BlueScope Steel posts highest first-half profit in 20 years
Last week’s announcements by Origin Energy of an early closure of its Eraring coal-fired power station in New South Wales, and the proposed takeover of AGL Energy by a consortium including tech billionaire Mike Cannon-Brookes to close coal-fired power plants earlier than expected, brought more uncertainty, he said.
“All we’re asking for is an orderly transition. None of us are deniers,” Vassella said. “It’s not obvious to me that there is a solution that would get us (Australia) through some of these closures. It probably made me a little more nervous,” he said.
The company will pay its biggest dividend in the first half and step up a share buyback program of another $700 million as it is flooded with cash, even though it has a total of $1.9 billion in investment plans. expansion nearing completion or in feasibility study.
Vassella said demand during the middle of December was very strong, even though there were significant disruptions to supply chains and shipping caused by COVID-19. In Australia, where the group’s flagship product for housing construction is Colorbond roofing, it has just raised prices by 6 to 8%, starting this month.
“We imposed price increases,” he said.
BlueScope said net income after tax was $1.64 billion, an increase of $1.31 billion from the prior December half. It will pay its more than 70,000 shareholders a non-franked interim dividend of 25¢ per share.
Underlying earnings before interest and taxes reached a record $2.2 billion for the six months ended Dec. 31, an increase of $1.67 billion from a year earlier.
Mr Vassella said the group was heading towards a full feasibility study for a potential reline of one of the blast furnaces at its Port Kembla steelworks in New South Wales, and the cost had risen to £1bn. dollars, down from a previous bracket of between $700 and $800. million.
He said the higher cost estimate stemmed from an expanded scope, including environmental improvements, and more accurate costing of the work required.
He intends to reline the No. 6 blast furnace at Port Kembla, which is currently mothballed, saying it is the safest course of action as green steel technologies are not not yet fully commercially viable and may not be until the 2040s.

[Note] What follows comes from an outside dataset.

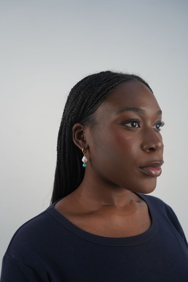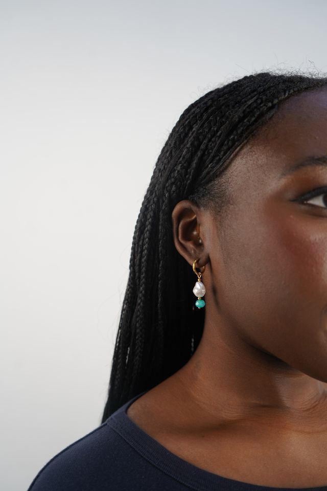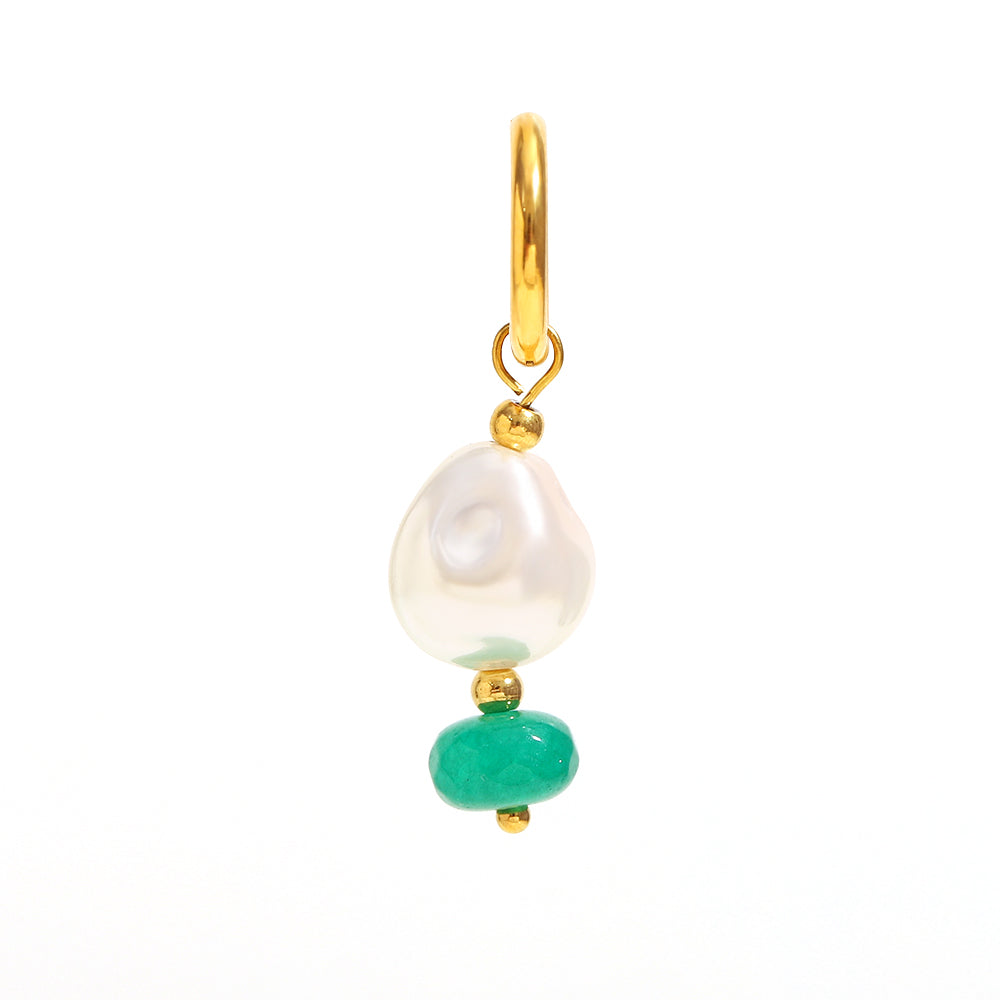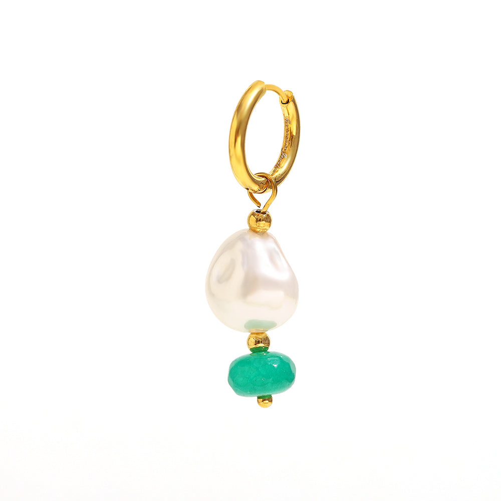 Corrie's pearl huggies are gold huggie earrings attached with pearl droplets and a green gemstone.

“This project is designed to build a bridge to a low-carbon future,” he said.
The group’s North Star steel mill in Ohio in the United States was again the star in the December half, generating an EBIT of $1.23 billion. A more than $1 billion expansion of this plant is in its final stages and will be operational by the middle of the year. Inflation in the United States and the acceleration of the project’s deployment mean that the final cost is approximately 10% higher than the initial forecast.
Australian operations increased EBIT by 165% to $688 million.
BlueScope has also been on the path to an acquisition to bolster its North American operations, announcing in early November that it would pay $240 million ($324 million) for a scrap metal recycling business in the United States, which is already one of the main suppliers of raw materials. for the North Star steel mill in Ohio.
MetalX operates two scrap facilities in Indiana and Ohio, and will help provide security of supply and competitiveness at the North Star facility, currently in the final stages of a $1 billion expansion. BlueScope has rebranded this business as BlueScope Recycling.
BlueScope was spun off from BHP in 2002 to become a stand-alone steel company.